Extracted material
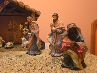 Pesebre de navidad con 11 figuras de resina grandes de 20 cm. En su caja original y en perfecto estado. Medidas del Pesebre 60 x 25 x 37
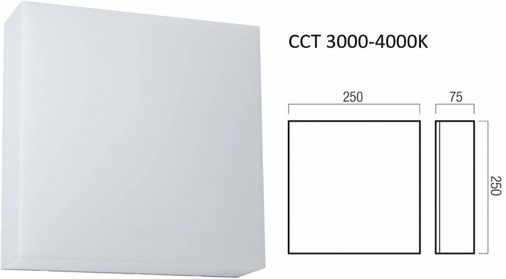 Venkovní LEDkové světlo svítí teplou bílou barvou 20W, použité LEDky SMD LED 2835 88 ks x 0,22W 2700K + 88 ks x 0,22W 3000K. Světlo je určené pro instalaci na stěnu nebo strop. Tato varianta 90777 měří 25x25cm. Kombinujte s osvětlením ve shodné sérii. Barvu světla 3000K nebo 4000K si vyberete před instalací svítidla, přepínačem na montuře.
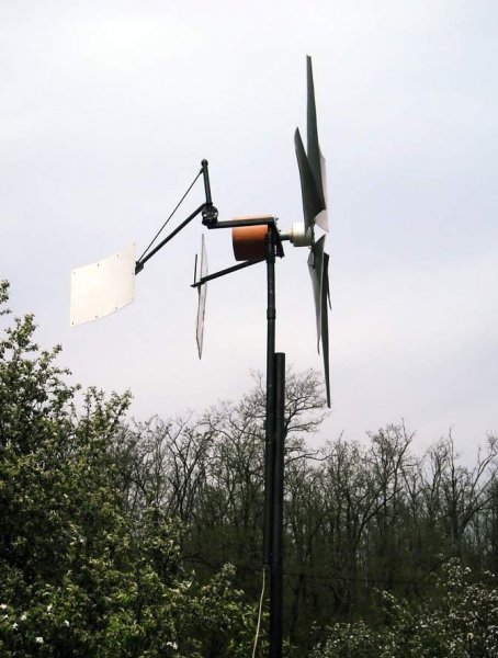 Szélgépfénykép nézegetéshez: a viharvédelme az interneten elérhető számolás alapján lett elkészítve, bár picit módosítottam rajta, amit itt a fórumon meg is beszéltünk. A szélkerék átmérője 1,6 méter, a lapátokat 20x3-as laposvas tartja, a PVC cső 2 mm-es falvastagságú volt, ezt örvénylő széllökésekben is jól védte ez a figura.
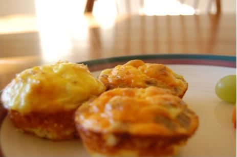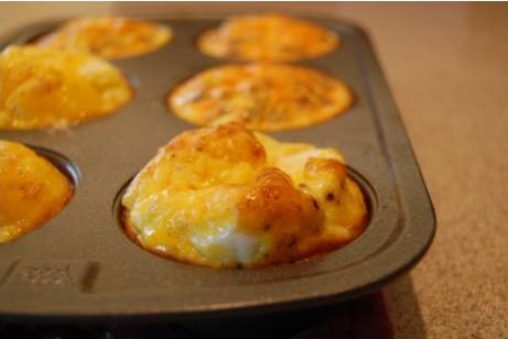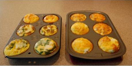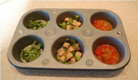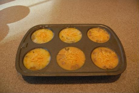 In your prepared muffin tins, place your fillings. This is the fun part, especially for kids, because they get to choose exactly what they would like! Then pour your eggs into each filled tin. Don’t over fill because these will puff up.
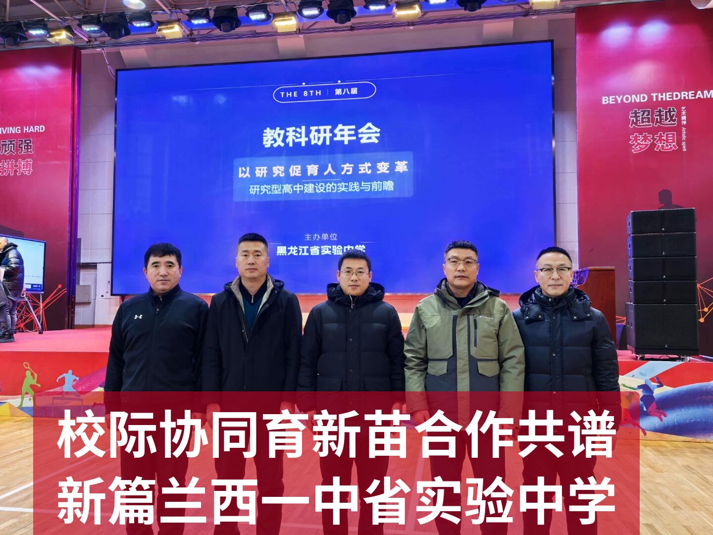 2026年1月15日,兰西一中校长姜德雨带领副校长李长双、张岚昱及政教处主任常向阳、教务处主任付忠臣,赴合作办学伙伴单位黑龙江省实验中学,共同参与以“以研究促育人方式变革——研究型高中建设的实践与前瞻”为主题的第八届教科研年会。作为两校深化合作办学的重要举措,此次交流旨在依托黑龙江省实验中学的优质教育资源,推动兰西一中教育教学体系全面升级,彰显“资源共享、优势互补、协同发展”的合作初心。
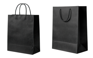 Colorful paper shopping bags with rope handles, isolated on transparent background, realistic lighting
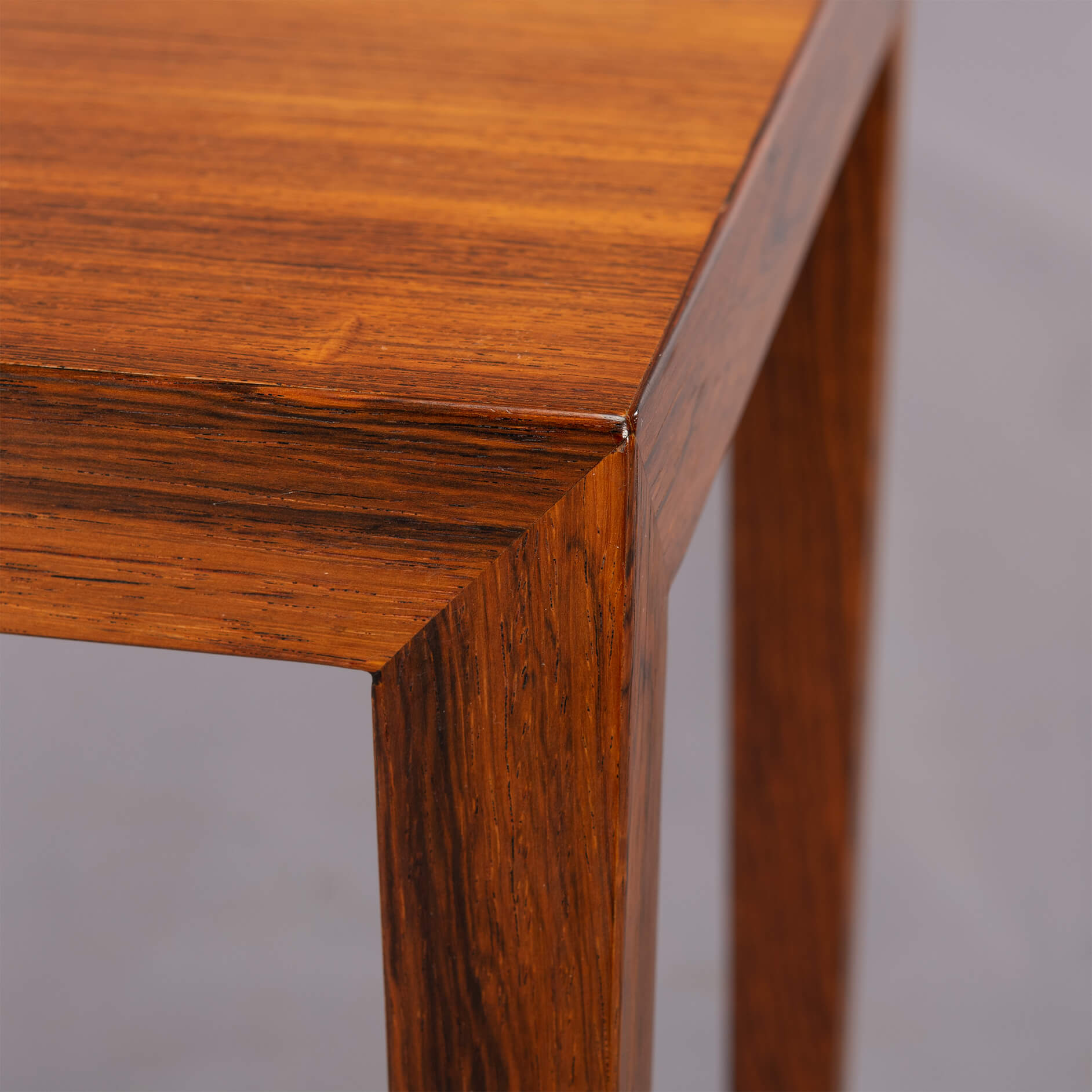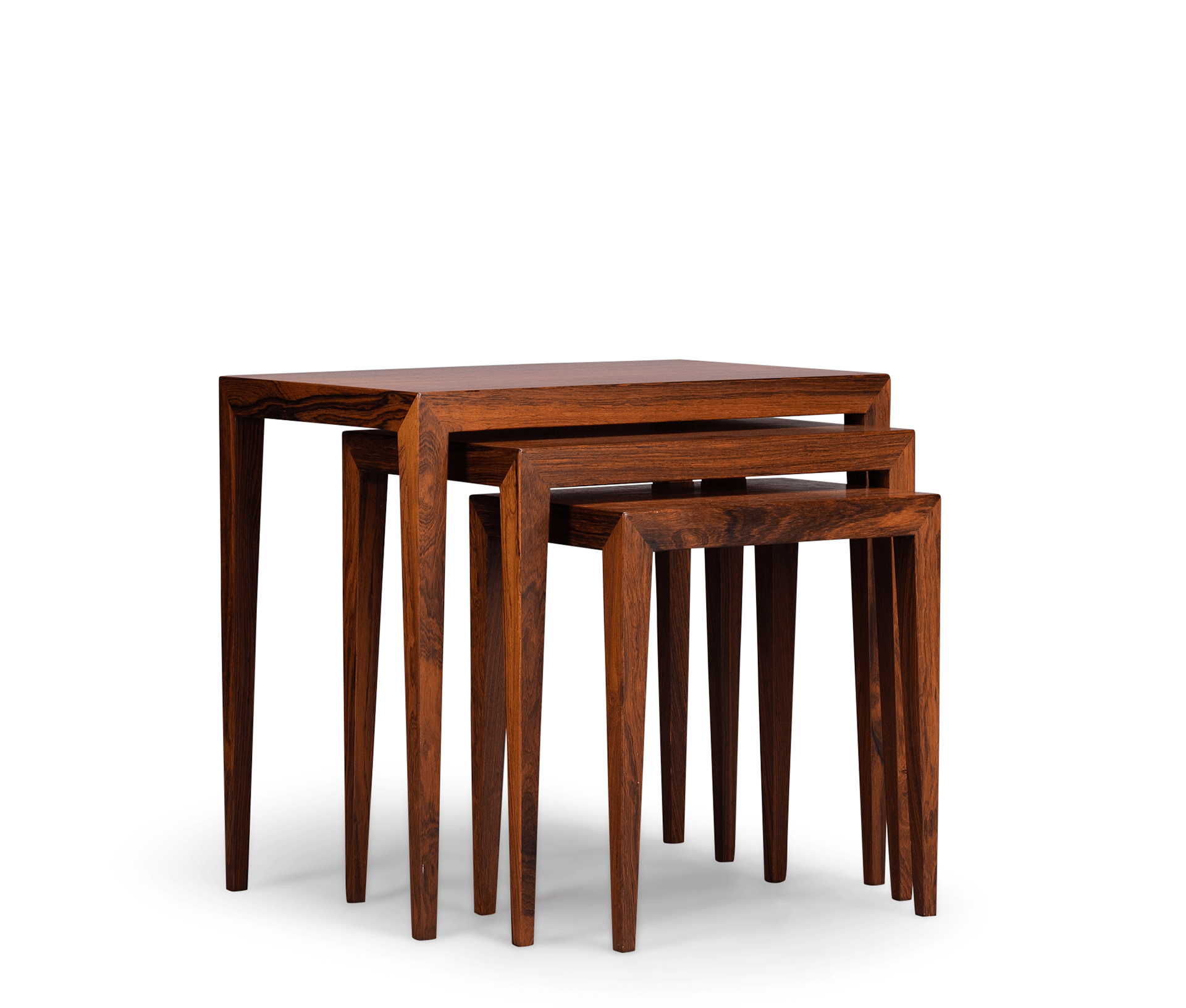 Elegant yet heavy duty set of 3 nesting tables by Severin Hansen. The beautifully cut out of solid rosewood bases give this set a high use quality.
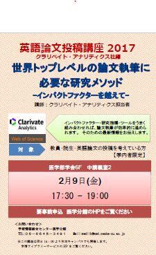 英語論文投稿講座クラリベイト・アナリティクス社 2/9(金)

Activity
Copy all the entries word for word. Omit any pictures.

Result below
 Pesebre de navidad con 11 figuras de resina grandes de 20 cm. En su caja original y en perfecto estado. Medidas del Pesebre 60 x 25 x 37
 Venkovní LEDkové světlo svítí teplou bílou barvou 20W, použité LEDky SMD LED 2835 88 ks x 0,22W 2700K + 88 ks x 0,22W 3000K. Světlo je určené pro instalaci na stěnu nebo strop. Tato varianta 90777 měří 25x25cm. Kombinujte s osvětlením ve shodné sérii. Barvu světla 3000K nebo 4000K si vyberete před instalací svítidla, přepínačem na montuře.
 Szélgépfénykép nézegetéshez: a viharvédelme az interneten elérhető számolás alapján lett elkészítve, bár picit módosítottam rajta, amit itt a fórumon meg is beszéltünk. A szélkerék átmérője 1,6 méter, a lapátokat 20x3-as laposvas tartja, a PVC cső 2 mm-es falvastagságú volt, ezt örvénylő széllökésekben is jól védte ez a figura.
 In your prepared muffin tins, place your fillings. This is the fun part, especially for kids, because they get to choose exactly what they would like! Then pour your eggs into each filled tin. Don’t over fill because these will puff up.
 2026年1月15日,兰西一中校长姜德雨带领副校长李长双、张岚昱及政教处主任常向阳、教务处主任付忠臣,赴合作办学伙伴单位黑龙江省实验中学,共同参与以“以研究促育人方式变革——研究型高中建设的实践与前瞻”为主题的第八届教科研年会。作为两校深化合作办学的重要举措,此次交流旨在依托黑龙江省实验中学的优质教育资源,推动兰西一中教育教学体系全面升级,彰显“资源共享、优势互补、协同发展”的合作初心。
 Colorful paper shopping bags with rope handles, isolated on transparent background, realistic lighting
 Elegant yet heavy duty set of 3 nesting tables by Severin Hansen. The beautifully cut out of solid rosewood bases give this set a high use quality.
 英語論文投稿講座クラリベイト・アナリティクス社 2/9(金)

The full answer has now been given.